MEDICAL MATTERS:Public anxiety may have been overstimulated
JUST IMAGINE for a moment that the uncertainty over screening for prostate cancer in men was replicated for women attending screening for breast cancer. Would we discourage women attending for mammograms and dismantle the BreastCheck network? The question may not be as fanciful as you think.
The past few years have seen the publication of a number of studies, which, taken together, mean it is time to look again at the benefits of screening women to detect breast cancer.
Most recently, the New England Journal of Medicine published a Norwegian study which found that, while death rates from breast cancer have dropped substantially in recent decades, screening accounts
for just one-third of the reduction.
Researchers looked at four groups of women in Norway, aged 50-69. One group participated in a universal breast-screening programme that was rolled out in stages from 1996 to 2005. Those women were compared with a similar group living in the same area 10 years earlier, before Norway adopted universal screening for breast cancer.
They also looked at a group of women aged 50-69 between 1996 and 2005 but who were living in an area that didn’t yet have the screening programme up and running. Researchers compared that group to another group living in the area 10 years earlier.
Dr Mette Kalager and her colleagues found that breast cancer death rates declined by 18 per cent among the group who did not have access to a universal screening programme, compared with the group from the previous decade. Kalager, a breast surgeon at Oslo University Hospital, noted that the mortality reduction from screening in the study was lower than expected.

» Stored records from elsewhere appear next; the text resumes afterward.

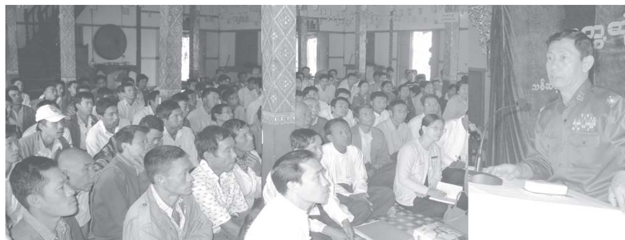
Deputy Minister Brig-Gen Than Htay delivers an address to village dwellers of Thitseintkine Village in Kyangin Township.—MNA

the Union of Myanmar to the 62 nd Anniversary Union Day held at the sport ground of Taunggyi on 12 February.—MNA
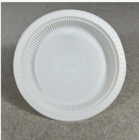
Cornstarch Plate 9 Inch
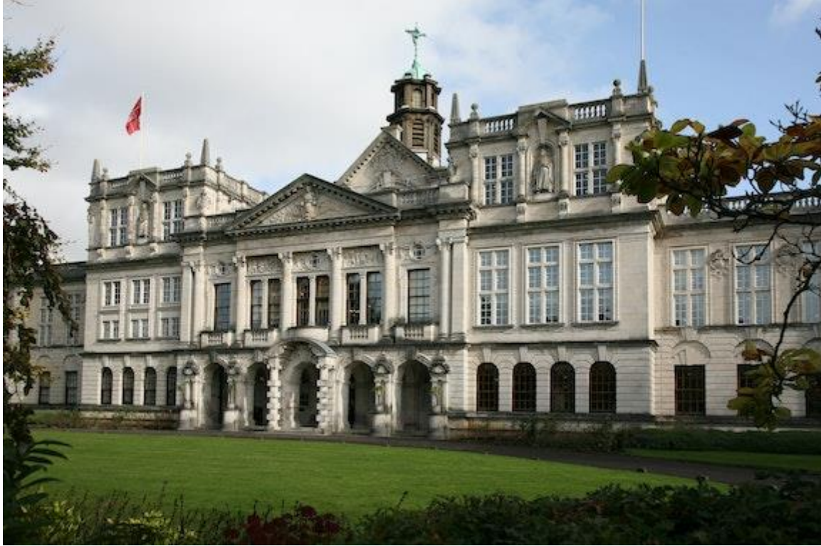
Main Building – Museum Avenue frontage

The Main Building is located between Park Place and Museum Avenue. It is opposite the Centre for Student Life on Park Place and Alexandra Gardens on Museum Avenue.
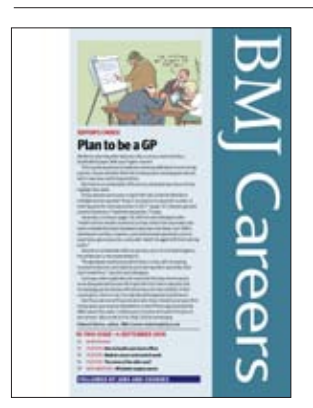
Career Focus, jobs, and courses appear after p 510

○ Twitter Follow the editor Fiona Godlee, at twitter.com/ fgodlee and the BMJ's latest at twitter.com/bmj_latest
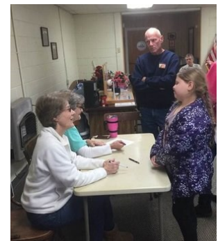
Distributing low-cost vouchers to reduce the number of unwanted animals.

Last year, voucher distributions took place in Munfordville, Hardyville, Cub Run, Bonnieville, and Horse Cave. Events for this year will soon be announced. Stay tuned!

In 2008, another study used the introduction of screening in Norway to assess the role of mammography. Researchers compared breast cancer rates among nearly 120,000 women who had three rounds of mammography between 1996 and 2001 with those among nearly 110,000 women in the same age range (50-64) in the five-year period preceding the start of the screening programme.
The two groups of women were carefully matched and so the rates of cancer should have been almost identical. In fact, the women who hadn’t been regularly screened had 22 per cent fewer breast cancers.
Could hormone replacement therapy (HRT) be muddying the waters? Certainly the drop in breast cancer incidence among post-menopausal women mirrors the sudden drop in HRT usage following publication of the Women’s Health Initiative study which showed a link between HRT use, breast cancer and cardiac disease. Canadian research published last month in the Journal of the National Cancer Institute shows that, between 2002 and 2004, breast cancer incidence fell 10 per cent among women aged 50 to 64. In that same time period, sales of HRT fell by half.
Some experts reckon the major improvements in outcome are largely due to better treatment. Greater awareness of the disease may also be playing a part. But we also know from post-mortem studies that many women die of other causes without knowing they had breast cancer. This is also the case for prostate cancer in men, which has led to resistance to the introduction of screening for this cancer. And what if breast cancer treatment has improved to the point where screening no longer has a major impact on mortality?
There is some evidence to suggest we may have already reached that point. Take 1,000 50-year-old women and follow them for 10 years, focusing on real numbers rather than percentages. Without breast cancer screening 995.6 women won’t die from breast cancer. With it, 996 women won’t die, a difference of 0.4 per 1,000.
Interesting to hear the new director of the Cancer Control Programme, Dr Susan O’Reilly, say that breast cancer centres here are now attracting healthy women who do not need screening. Have we overstimulated public anxiety about the disease? Perhaps we should tell women who are not keen to undergo breast screening that, actually, that’s okay.